John White: Top 10 phrases you don’t want to hear in a home reno

Even a simple plumbing repair turned into a three-hour epic worthy of dramatic BBC acting talent.

The results of jackhammering the floor to replace the cast iron sewer pipe. (John K. White/Castlegar News)

The results of jackhammering the floor to replace the cast iron sewer pipe. (John K. White/Castlegar News)

I was asked by a contractor recently what my favourite tool is when doing work on my house.

“My chequebook,” was my very serious answer.

I can change out a light fixture, paint, build basic wood structures and organize like the wind, but anything beyond that is best left to the experts.

I have assisted with a total roofing replacement (my feet were incredibly sore and blistered from standing at an angle for six hours on a hot roof).

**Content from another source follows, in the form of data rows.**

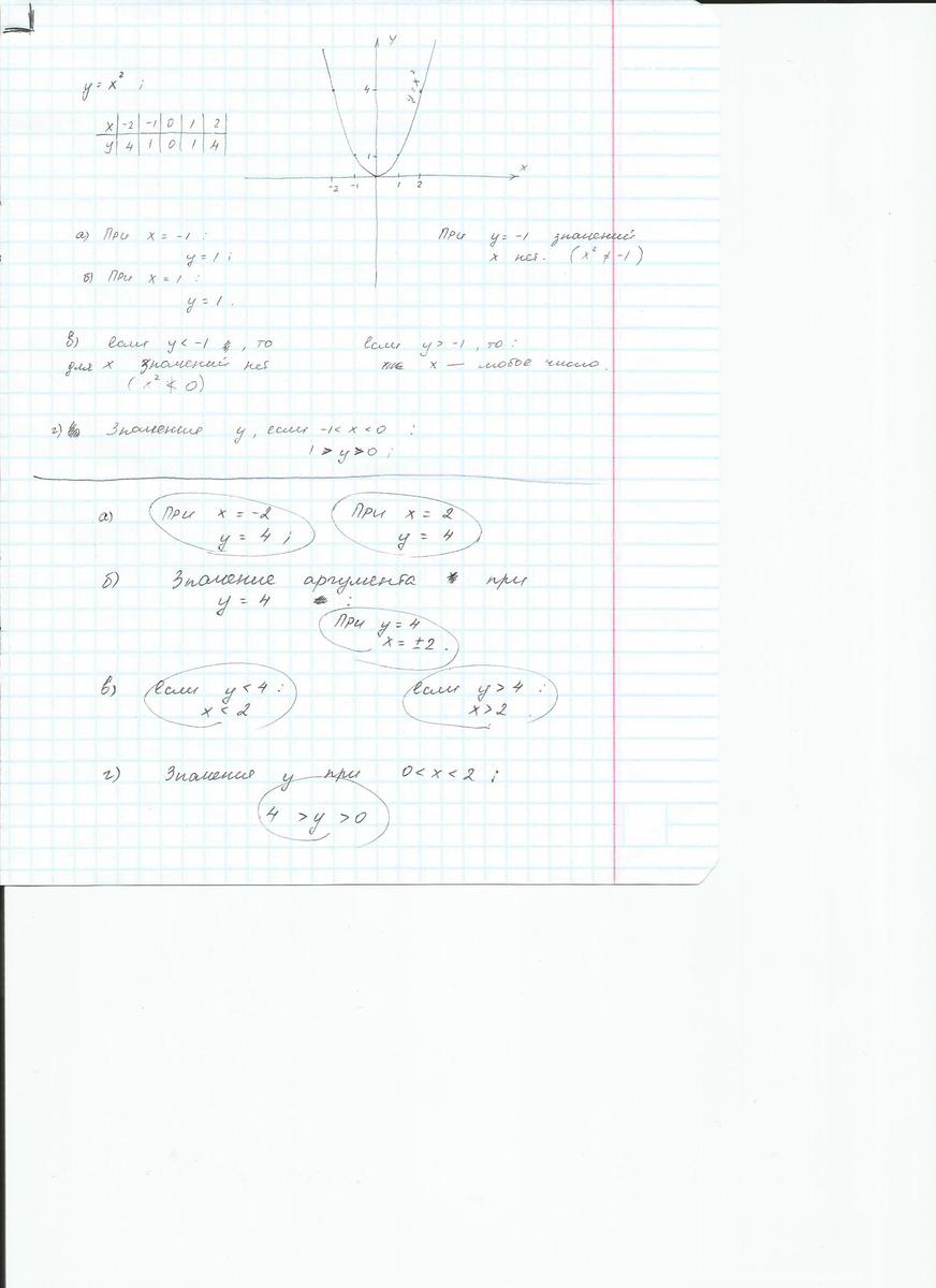 Постройте график функции y=x^2. С помощью графика найдите: а)Значения функции при х= -1, х= 1.
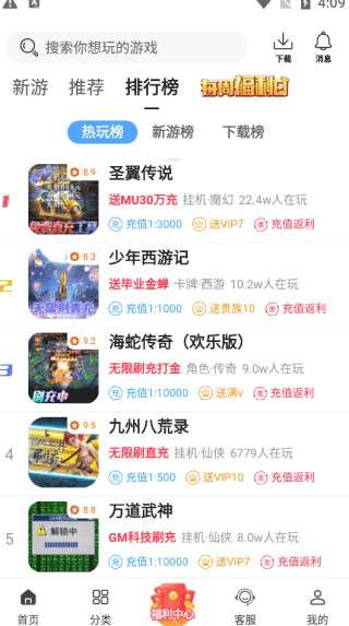 1、下载并安装软件后,您可以进入并体验各种福利游戏,如GM权益等。
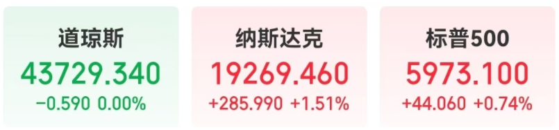 1、美股三大指数收盘涨跌不一,纳指上涨285.99点,涨幅1.51%;标普500涨0.74%;道指平收。其中,纳指、标普500指数均续创历史收盘新高。

I also helped build a screened room at my parents’ house (I somehow got a sliver under my eyelid that scratched my eye and required emergency removal). I have occasionally moved appliances and furniture (I once tripped and fell in a hole while carrying a large couch, damaging my ankle). Do you see the pattern when I try to do things myself?

Even a seemingly simple plumbing repair turned into a three-hour epic worthy of the most dramatic BBC acting talent, but with significantly more cursing. There were parts left over after replacing a bathroom sink and faucet, and my wife and I subtly disagreed on where they should go. After I failed to listen to reason, my wife generously suggested where they should go.

Sadly, I’ve also witnessed professional handy-people experience similar woes over the years. While troubleshooting the odd electrical setup at our Edmonton house that was just renovated, a contractor got a “polite zap” while checking for grounding in an outlet. It caused a wash of smoke in the room and a momentary lack of composure for the contractor.

After I took a bath in the same house, we noticed water suddenly pouring through the ceiling in the kitchen below. It came down through the kitchen pot-lights, which was quite disconcerting given the recent issue with the “polite zap.” Turns out, the original contractor forgot to attach the overflow pipe to the tub.

The same contractor forgot to tighten the toilet bolts after installation during the reno. I’m not going to describe what happened there as this is a family newspaper. Our handyman and his subtrade made short work of the fix, but it was, um, startling to discover.

We’ve stumbled upon many oddities when viewing or renovating houses over the years. Some of the questions or comments made at the time by various inspectors or contractors — or my wife and I — will give you a hint as to the issue at hand.

“There must have been a sale on mistinted paint colours at Home Depot. It looks like Walt Disney vomited on the walls.”

“Should there be black stuff on the grout?”

“Oh my. I just CLRed the shower door, and it looks like it’s actually supposed to be clear glass and not clouded.”

“Remind me, is it the six-by-six floor tile or nine-by-nine that have asbestos in them? These are nine-by-nine.”

“Do you smell natural gas?”

“So, the shower seems to be a garden hose hanging from the rafters in the middle of the basement.”

“Knob-and-tube is good, right?”

“This light switch doesn’t seem to do anything.”

“It appears the sewer drain clean-out cap was not quite on properly.”

“Yes, that is indeed wood shavings in the walls where insulation should be.”

“If you want to go up the ladder and have a look with the flashlight, you can see the unencapsulated asbestos is everywhere.” (Side note, why would I want to go up and look at or breath that in?)

“Should those wires be exposed like that?”

“That wall was actually structural.”

“I can’t believe there hasn’t been a fire.”

“The trim will cover it.”

“That’s where the mice are likely getting in.”

And finally, the worst phrase you’ll hear from a home inspector: “I’ve never seen anything like that before!”